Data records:
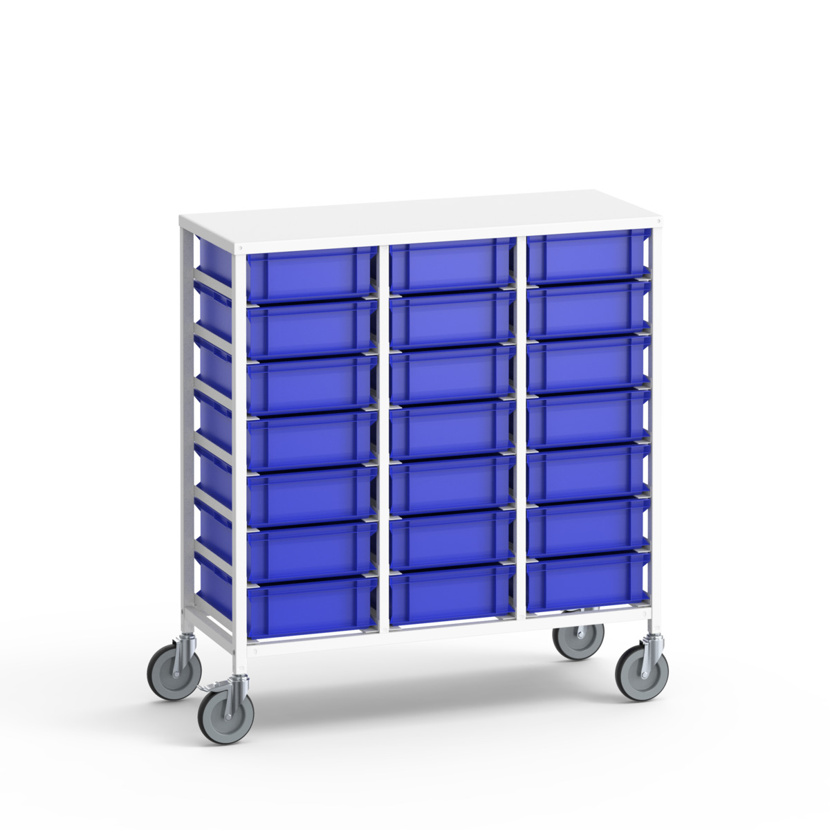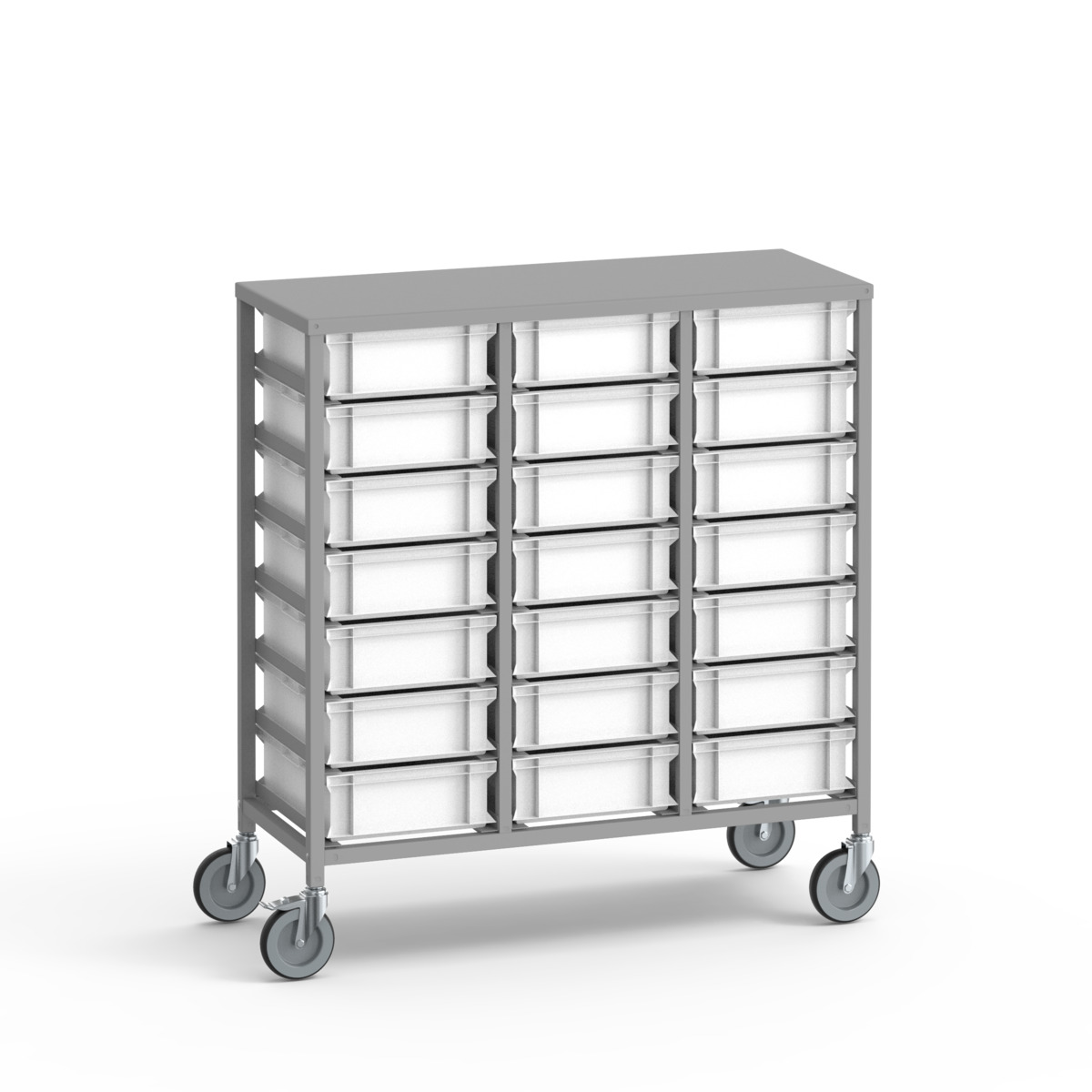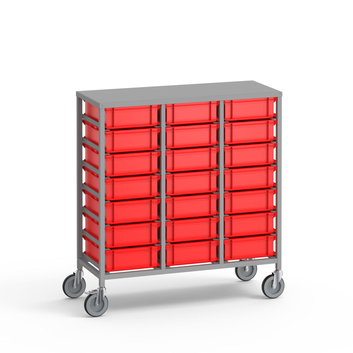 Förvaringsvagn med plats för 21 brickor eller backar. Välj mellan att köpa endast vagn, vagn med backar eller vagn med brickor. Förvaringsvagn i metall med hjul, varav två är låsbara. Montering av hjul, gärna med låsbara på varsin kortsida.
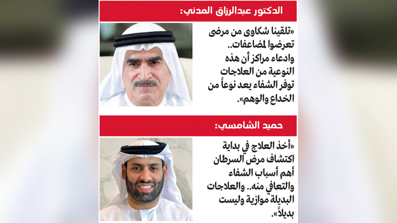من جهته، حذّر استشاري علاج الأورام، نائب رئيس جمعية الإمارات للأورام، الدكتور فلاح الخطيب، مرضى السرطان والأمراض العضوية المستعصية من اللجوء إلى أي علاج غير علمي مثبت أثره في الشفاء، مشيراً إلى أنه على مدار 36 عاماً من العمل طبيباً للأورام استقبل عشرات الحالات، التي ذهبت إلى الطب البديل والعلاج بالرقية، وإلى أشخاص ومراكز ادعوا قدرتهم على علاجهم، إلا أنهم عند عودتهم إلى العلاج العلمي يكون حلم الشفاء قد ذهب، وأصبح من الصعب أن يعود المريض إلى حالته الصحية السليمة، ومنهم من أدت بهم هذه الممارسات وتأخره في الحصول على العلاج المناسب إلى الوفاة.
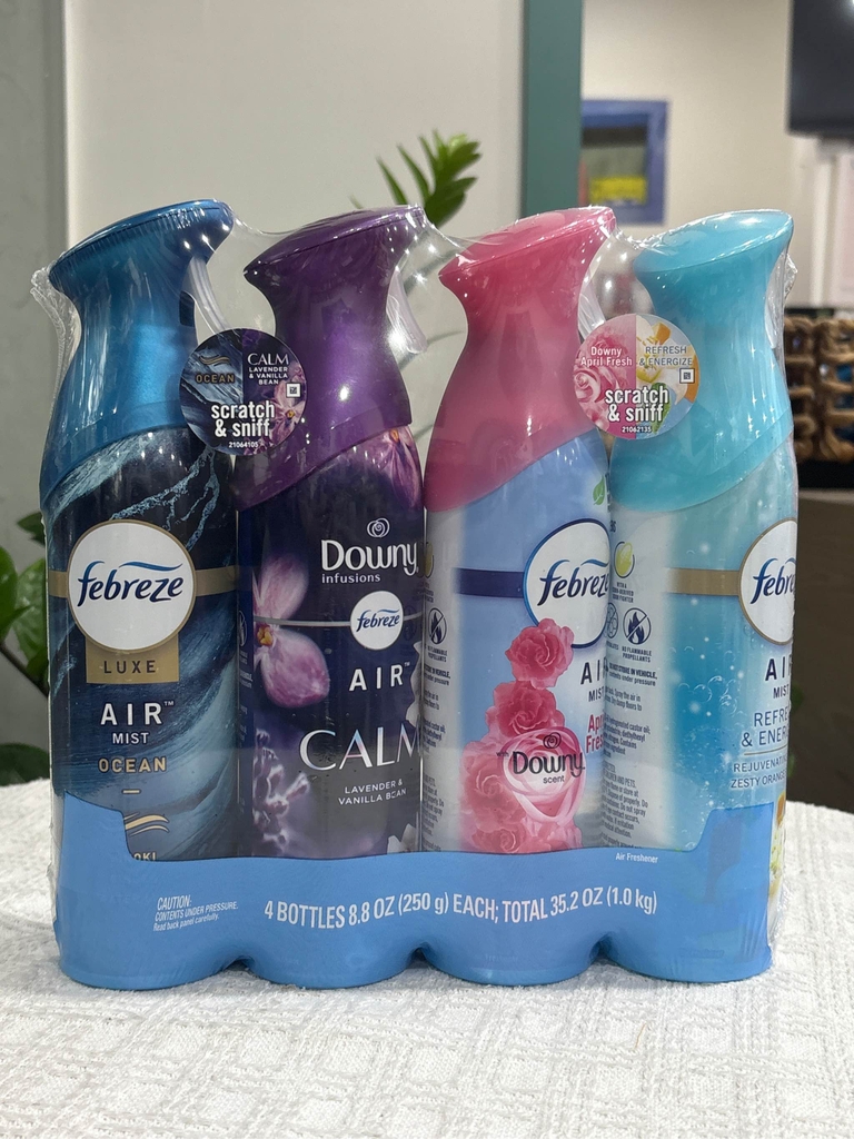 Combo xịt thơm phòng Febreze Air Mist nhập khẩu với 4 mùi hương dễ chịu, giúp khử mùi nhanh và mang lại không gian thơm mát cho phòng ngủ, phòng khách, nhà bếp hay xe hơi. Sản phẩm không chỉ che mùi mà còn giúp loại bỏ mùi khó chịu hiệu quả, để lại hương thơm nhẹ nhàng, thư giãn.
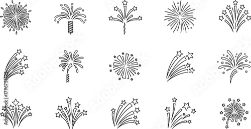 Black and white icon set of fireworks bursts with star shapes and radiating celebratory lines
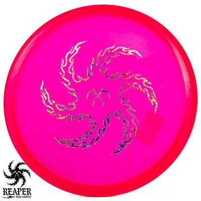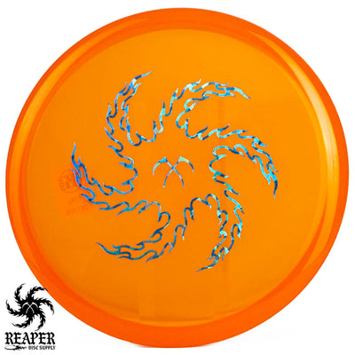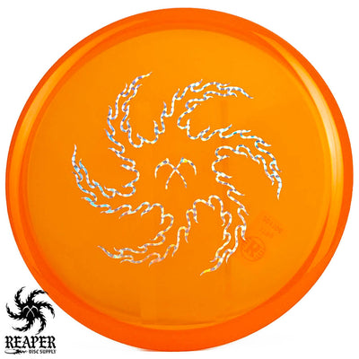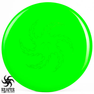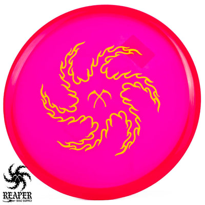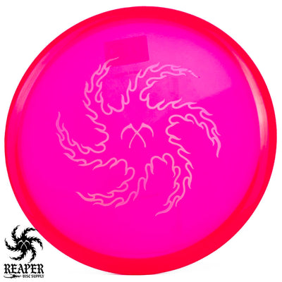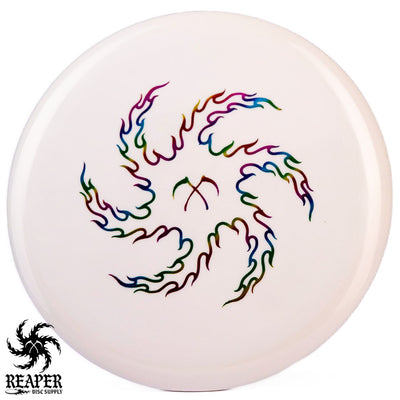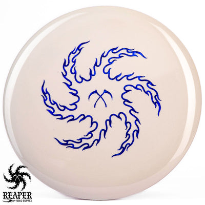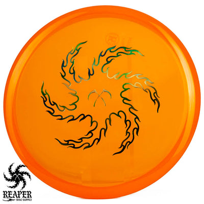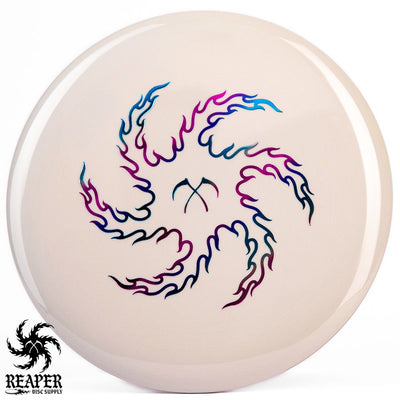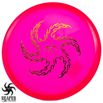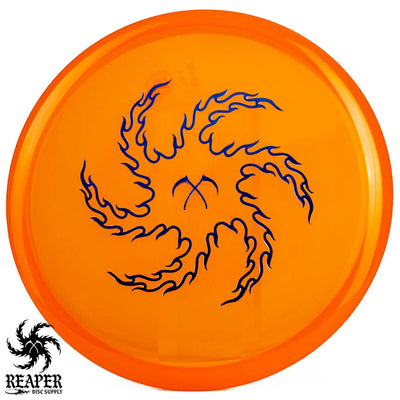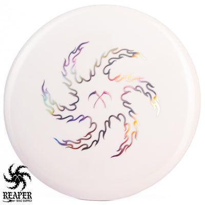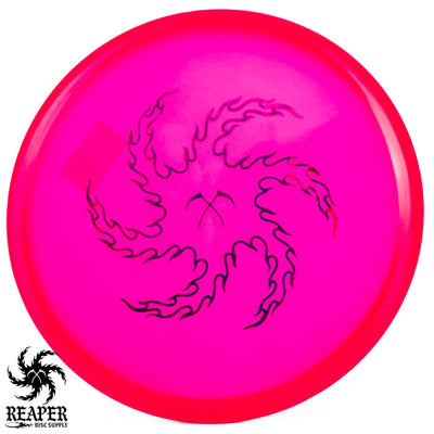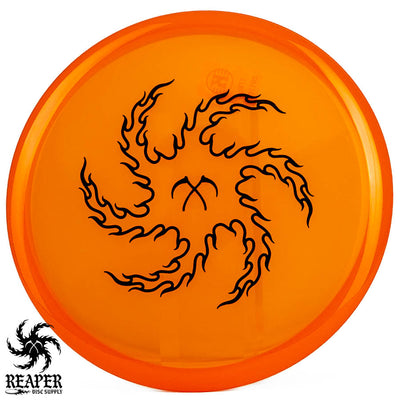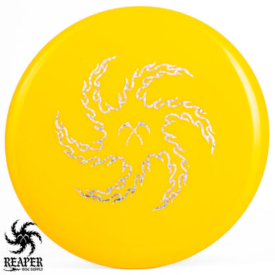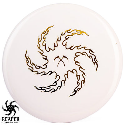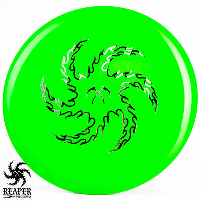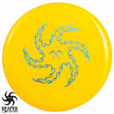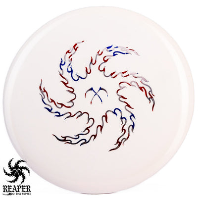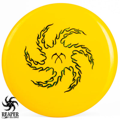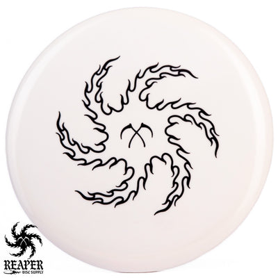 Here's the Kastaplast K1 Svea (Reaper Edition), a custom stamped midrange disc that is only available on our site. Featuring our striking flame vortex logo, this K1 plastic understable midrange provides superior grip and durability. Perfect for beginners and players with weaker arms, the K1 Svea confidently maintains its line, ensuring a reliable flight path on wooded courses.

#### [What this task involves]
Give back the full data exactly as it reads, but drop the pictures.

#### [Problem solution]
 Förvaringsvagn med plats för 21 brickor eller backar. Välj mellan att köpa endast vagn, vagn med backar eller vagn med brickor. Förvaringsvagn i metall med hjul, varav två är låsbara. Montering av hjul, gärna med låsbara på varsin kortsida.
من جهته، حذّر استشاري علاج الأورام، نائب رئيس جمعية الإمارات للأورام، الدكتور فلاح الخطيب، مرضى السرطان والأمراض العضوية المستعصية من اللجوء إلى أي علاج غير علمي مثبت أثره في الشفاء، مشيراً إلى أنه على مدار 36 عاماً من العمل طبيباً للأورام استقبل عشرات الحالات، التي ذهبت إلى الطب البديل والعلاج بالرقية، وإلى أشخاص ومراكز ادعوا قدرتهم على علاجهم، إلا أنهم عند عودتهم إلى العلاج العلمي يكون حلم الشفاء قد ذهب، وأصبح من الصعب أن يعود المريض إلى حالته الصحية السليمة، ومنهم من أدت بهم هذه الممارسات وتأخره في الحصول على العلاج المناسب إلى الوفاة.
 Combo xịt thơm phòng Febreze Air Mist nhập khẩu với 4 mùi hương dễ chịu, giúp khử mùi nhanh và mang lại không gian thơm mát cho phòng ngủ, phòng khách, nhà bếp hay xe hơi. Sản phẩm không chỉ che mùi mà còn giúp loại bỏ mùi khó chịu hiệu quả, để lại hương thơm nhẹ nhàng, thư giãn.
 Black and white icon set of fireworks bursts with star shapes and radiating celebratory lines
 Here's the Kastaplast K1 Svea (Reaper Edition), a custom stamped midrange disc that is only available on our site. Featuring our striking flame vortex logo, this K1 plastic understable midrange provides superior grip and durability. Perfect for beginners and players with weaker arms, the K1 Svea confidently maintains its line, ensuring a reliable flight path on wooded courses.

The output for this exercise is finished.